太陽の光があれば少量の水で元気に成長するサボテン。手入れが簡単なため、お家で育てている人も多いですよね。実は、そんなサボテンが活用方法次第で環境問題を解決する未来の素材として注目されていることをご存知でしょうか?天然レザーである本革は、動物保護の観点から否定的な意見があったり、製造の際のなめしによる環境汚染への懸念や水を大量に使うという点などから問題視されています。そこで近年、植物由来のヴィーガンレザーへの注目が集まっています。今回はその一つである、サボテンからできたレザーについてご紹介したいと思います。この記事を読んで、サボテンレザーについて少しでも知っていただけると嬉しいです。
サボテンレザーとは?
サボテンレザーとは、その名の通りサボテンから製造されたヴィーガンレザーです。世界でも有数のサボテンが生息する国の一つであるメキシコで生まれました。サボテンレザーは手触りが非常に柔らかく、ファッション製品、家具、さらには自動車のパーツなど、様々な製品開発に適しています。また、レザー表面の樹脂には、有害な化学物質であるフタル酸エステルや、PVC(ポリ塩化ビニル)を使用せず、水の使用量も比較的少なく、30%ほどのオーガニック成分をPU(ウレタン)樹脂と合成しているため、従来のレザーに変わる環境負荷の少ないバイオレザーとして今注目を集めています。
サボテンレザーができるまで
サボテンレザーはメキシコの起業家、エイドリアンとマルテによって開発されました。
二人はもともと家具や自動車、ファッション業界等で働いており、その中でこれらの産業が及ぼす環境汚染の問題を深刻に感じていました。その環境問題を改善したいという思いから2人は会社を立ち上げ、サボテンレザーの開発を始めました。およそ2年間の開発の末、サボテンレザーが完成し、「Dessert(デザート)」と名付けられました。2019年7月に発売を開始し、同年イタリア・ミラノで行われた展示会にて高い評価を受け、2020年にモナコ行われたモンテカルロファッションウィークでは「世界初のサボテンヴィーガンレザー」として受賞するなど、世界でも大きく注目される素材となりました。
サボテンからレザーになる製造工程
植物であるサボテンからどのように素材であるレザーに生まれ変わるのでしょうか?まず、原料であるウチワサボテンの成熟した葉を収穫し、機械ですり潰します。その後、適切な湿度レベルに達するまで3日間太陽の下で乾燥させます。この工程でオーブンやガスなどの追加のエネルギーを使わないことも評価のポイントとなっています。その後、粉末状に加工し、独自のオーガニック薬品での処理や独自の染色技術を施し、レザーへと生まれ変わります。
サボテンレザーの特徴
サボテンレザーの特徴の一つが、その耐久性です。サボテン成分の強力な分子が結合することで、摩擦や伸縮などに耐えうるることができます。

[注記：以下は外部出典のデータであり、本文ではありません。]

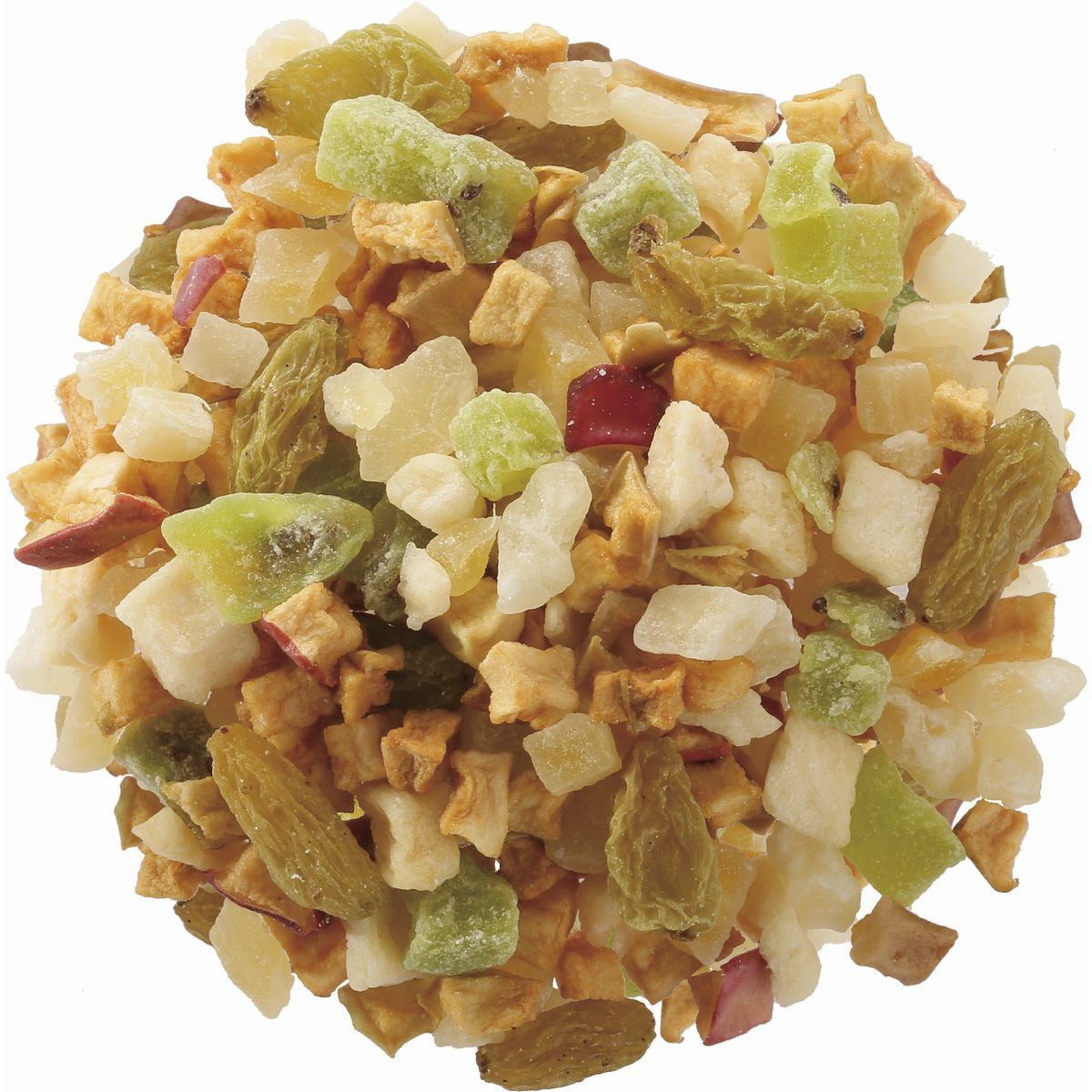 有機ドライアップル【オーストリア】、加糖ドライメロン【タイ】、加糖ドライマンゴー【タイ】、加糖ドライキウイフルーツ【タイ】、フリーズドライアップル【中国】、加糖ドライパイナップル【タイ】、香料、クエン酸、リンゴ酸、着色料(黄4、青1)、保存料(亜硫酸塩)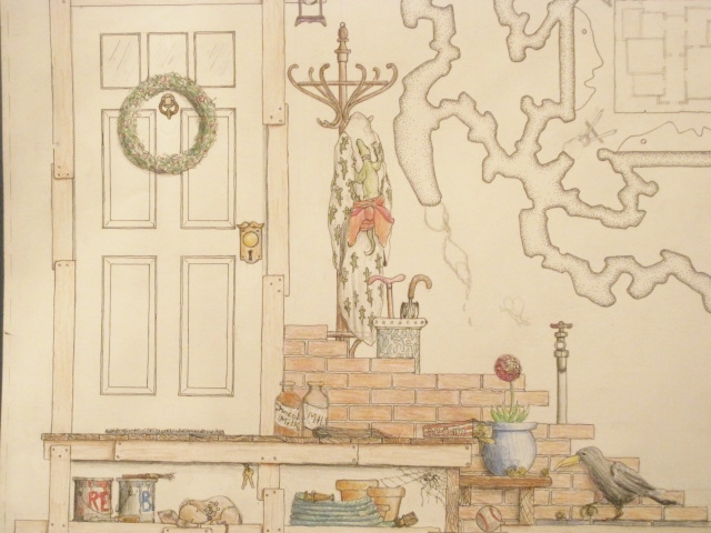 Herein is the second corner of the Pen & Ink worksheet with suggestions from viewers to “The House That Jack Built” project. This is a camera shot rather than a digital scan so coloring is different from the previous “2nd corner” post.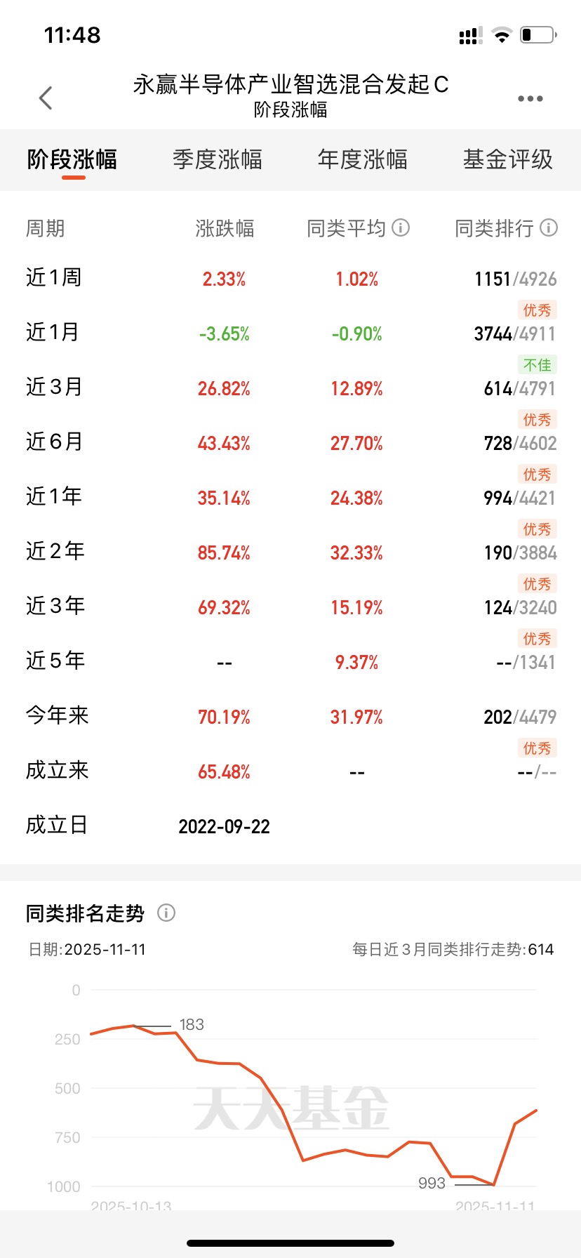 $永赢半导体产业智选混合发起C$ 聚焦半导体产业,主要关注光刻机产业链,近三个月26.82%涨幅,近半年43.43%涨幅,业绩表现在同类中还是很优秀的!光刻机是半导体的核心设备,弹性比较强,随着科技不断创新发展,加上目前估值低位,未来空间还是很大的,值得期待了!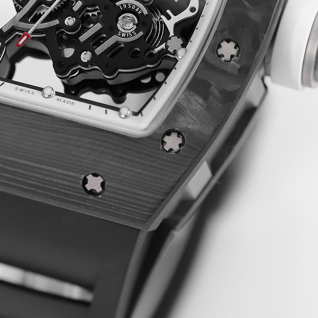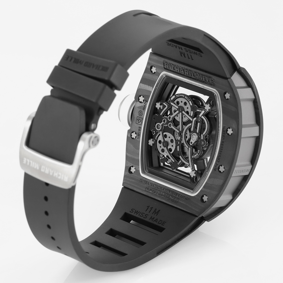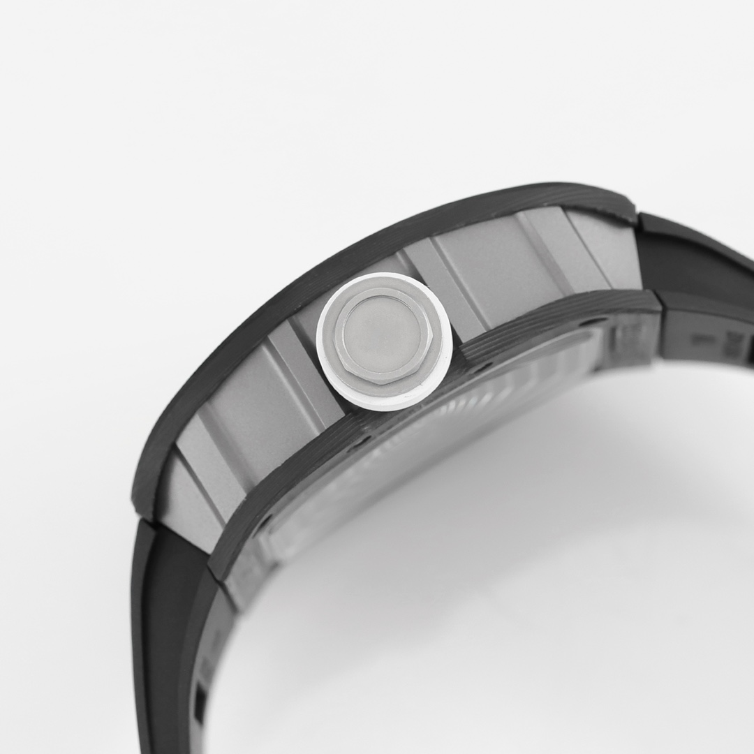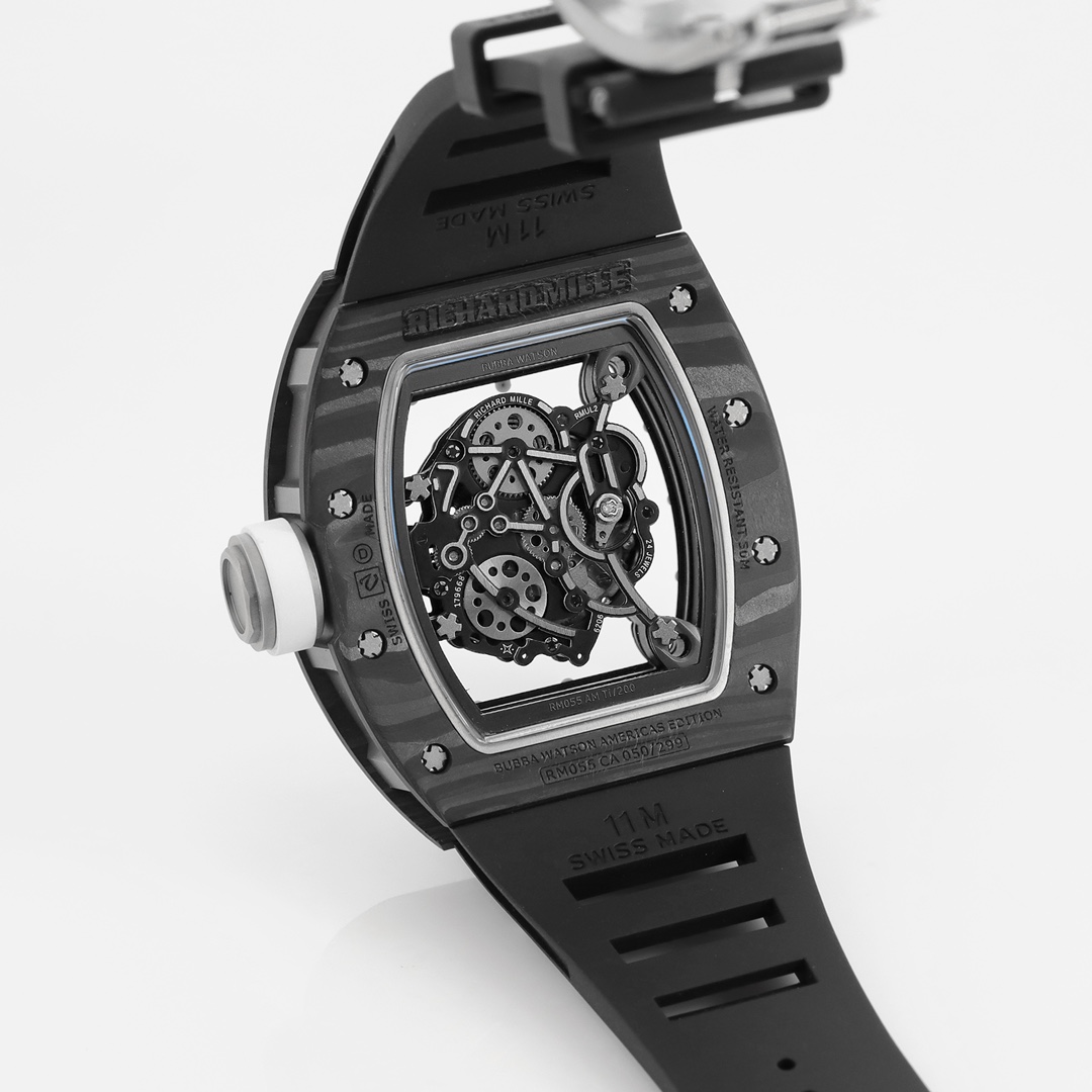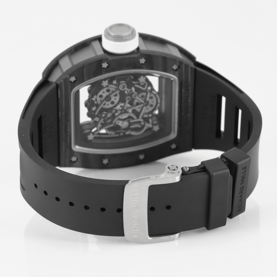 | Richard Mille RM 055 49.90mm x 42.70mm Grey Hollow Dial White Black Carbon Fiber Bezel Black Rubber Strap | |

また、柔軟性と通気性にも優れており、手触りもよいため、使い心地の面でも心配ありません。水分や紫外線にも強く、お手入れが簡単なところも嬉しいポイントです。さらに色味や厚さなどの高度なカスタマイズも可能で、本革に見劣りしない見た目になっています。
2019年に開催された世界的なレザーフェアでは、サボテンレザーのコンセプトと共に、その質感も高い評価を受けています。部分的に生分解性のため環境負荷も小さく、オーガニック製品として認定も受けています。
サボテンレザーと環境問題
サボテンレザーは環境問題への貢献度の高さに注目が集まっています。従来の本革は製造過程での二酸化炭素の排出量が問題視されていますが、サボテンレザーでは二酸化炭素の排出量を80パーセント削減することができます。他にも、サボテンレザー製造時に残ってしまったサボテンは食品として販売されているため、製造の際にゴミが出ることはありません。そのため、サボテンレザーはヴィーガンレザーの中でも最も環境汚染から遠い素材であると言われています。
サボテンレザーを使用した商品開発
では次に、サボテンレザーを利用した国内のブランドをご紹介します。
スニーカー
日本発のヴィーガンブランド「GrandeurPapa」では、サボテンレザーを使用したスニーカーの開発に取り組んでいます。撥水性があり汚れがつきにくい点が魅力的です。一般的な発売はまだされていませんが、今後の動向に注目が集まっています。
トートバック
サステナブルな素材を使ってジェンダーフリーなアイテムを作るブランド「offsait」では、サボテンレザーを用いたトートバックのクラウドファンディングに挑戦し、見事に成功さています。
まとめ
サボテンレザーについて、少しでも知っていただけましたでしょうか?雨水と土のミネラルだけで育つため生育が安定したサボテンから作られるレザーは持続可能な素材の一つだと言えます。また、他のヴィーガンレザーよりも長持ちするという特徴を活かし、これからどのように商品展開されていくか、とても楽しみな素材の一つですね。